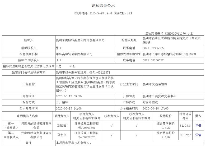 昆明绕城高速公路东南段宜良境内加油站施工项目监理服务(三次)评标结果公示
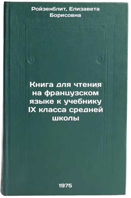 In Russian. Roizenblit, Elizaveta Borisovna. Book for reading in French to the 9th grade textbook of secondary school. Moscow: Enlightenment, 1975. Kniga dlya chteniya na frantsuzskom yazyke k uchebniku IX klassa sredney shkoly. In Russian /Book for reading in French for the ninth grade of secondary school. All images are for identification of editions only. Several books of the same edition may be available. Please feel free to request photos of available books. SKU6970101
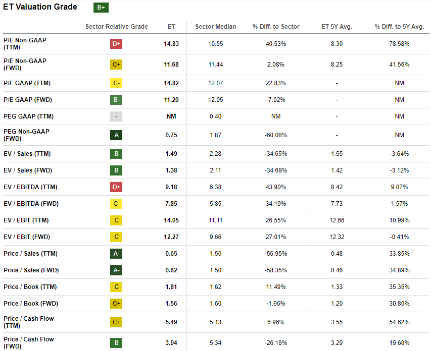 The stock rallied by 25% over the last twelve months, the performance is almost identical with the broader U.S. market. YTD performance is also very strong with an 18% rally. ET has a solid “B+” valuation grade from Seeking Alpha Quant as most of the ratios look attractive compared to the sector median and historical averages.

## Work to be completed
When you reproduce the data shown above, keep each line exact and omit every picture.

## Solution to the problem
 昆明绕城高速公路东南段宜良境内加油站施工项目监理服务(三次)评标结果公示
 In Russian. Roizenblit, Elizaveta Borisovna. Book for reading in French to the 9th grade textbook of secondary school. Moscow: Enlightenment, 1975. Kniga dlya chteniya na frantsuzskom yazyke k uchebniku IX klassa sredney shkoly. In Russian /Book for reading in French for the ninth grade of secondary school. All images are for identification of editions only. Several books of the same edition may be available. Please feel free to request photos of available books. SKU6970101
 The stock rallied by 25% over the last twelve months, the performance is almost identical with the broader U.S. market. YTD performance is also very strong with an 18% rally. ET has a solid “B+” valuation grade from Seeking Alpha Quant as most of the ratios look attractive compared to the sector median and historical averages.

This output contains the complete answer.